» **Assignment**
Where the listing below reaches the line containing "10月13日下午,在金工中心", start writing out lines exactly, and stop once the line containing "Camisa Franjas Brilhantes" has been written.

» **Dataset entries**
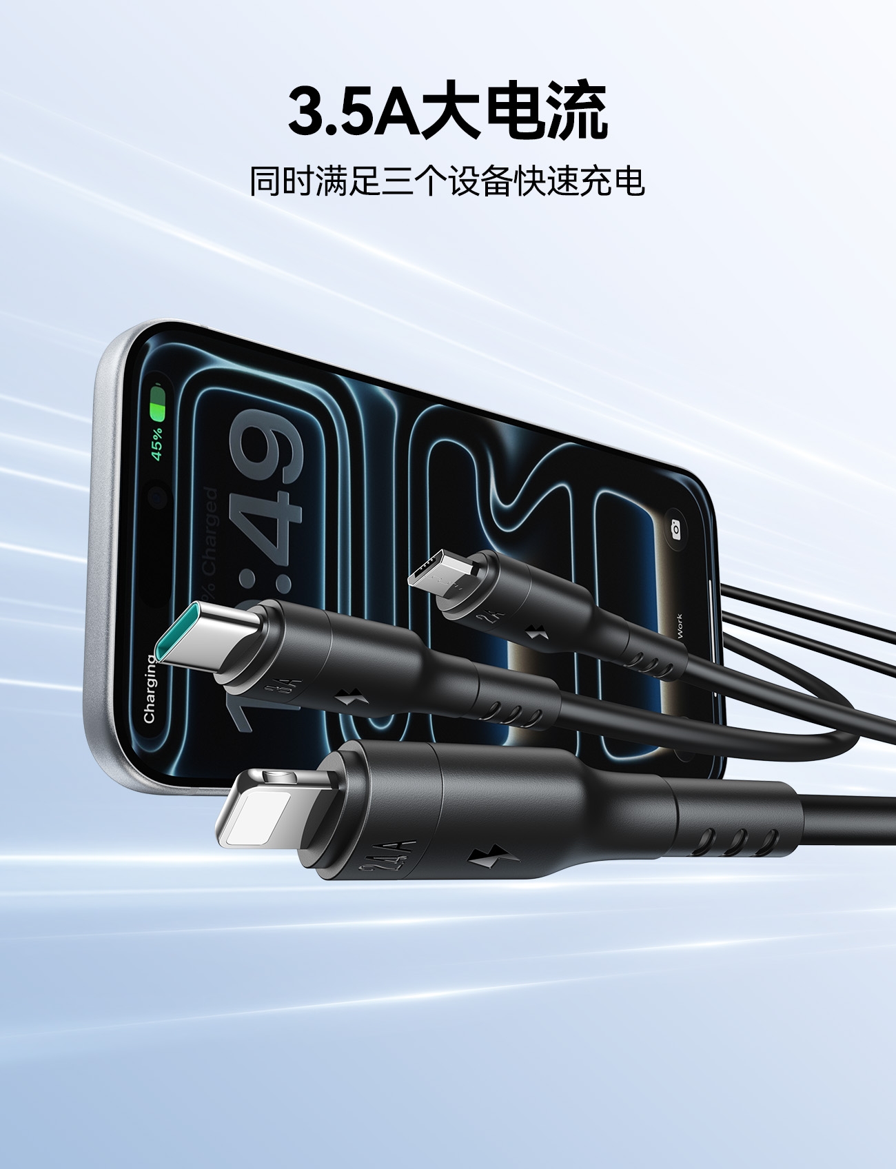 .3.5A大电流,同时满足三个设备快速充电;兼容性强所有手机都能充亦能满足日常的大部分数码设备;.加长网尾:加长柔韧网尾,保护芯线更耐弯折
* * *
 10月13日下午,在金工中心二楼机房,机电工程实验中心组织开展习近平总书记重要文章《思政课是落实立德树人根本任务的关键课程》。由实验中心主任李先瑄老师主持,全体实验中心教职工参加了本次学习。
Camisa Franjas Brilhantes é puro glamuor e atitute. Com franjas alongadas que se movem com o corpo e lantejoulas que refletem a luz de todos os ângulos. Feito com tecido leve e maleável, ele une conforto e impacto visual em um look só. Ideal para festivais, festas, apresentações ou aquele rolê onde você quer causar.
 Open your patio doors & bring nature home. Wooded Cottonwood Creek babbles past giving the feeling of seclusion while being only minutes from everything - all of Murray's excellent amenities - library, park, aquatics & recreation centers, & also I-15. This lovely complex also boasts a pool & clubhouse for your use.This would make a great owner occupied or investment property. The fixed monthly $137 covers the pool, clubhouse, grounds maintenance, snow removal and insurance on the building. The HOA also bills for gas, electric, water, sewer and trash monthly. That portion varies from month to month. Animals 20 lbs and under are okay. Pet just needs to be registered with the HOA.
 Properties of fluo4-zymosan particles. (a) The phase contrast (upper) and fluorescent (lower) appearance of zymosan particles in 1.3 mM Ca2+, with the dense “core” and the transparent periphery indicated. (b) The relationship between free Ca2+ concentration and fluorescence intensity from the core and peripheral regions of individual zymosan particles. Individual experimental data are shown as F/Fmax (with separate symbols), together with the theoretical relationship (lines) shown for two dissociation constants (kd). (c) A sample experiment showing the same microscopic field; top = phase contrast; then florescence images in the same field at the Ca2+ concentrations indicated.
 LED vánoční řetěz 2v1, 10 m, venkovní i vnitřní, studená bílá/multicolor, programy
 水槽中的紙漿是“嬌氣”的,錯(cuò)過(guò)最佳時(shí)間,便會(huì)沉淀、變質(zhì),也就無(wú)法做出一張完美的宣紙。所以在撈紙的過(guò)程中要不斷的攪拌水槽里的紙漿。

» **Written response**
 10月13日下午,在金工中心二楼机房,机电工程实验中心组织开展习近平总书记重要文章《思政课是落实立德树人根本任务的关键课程》。由实验中心主任李先瑄老师主持,全体实验中心教职工参加了本次学习。
Camisa Franjas Brilhantes é puro glamuor e atitute. Com franjas alongadas que se movem com o corpo e lantejoulas que refletem a luz de todos os ângulos. Feito com tecido leve e maleável, ele une conforto e impacto visual em um look só. Ideal para festivais, festas, apresentações ou aquele rolê onde você quer causar.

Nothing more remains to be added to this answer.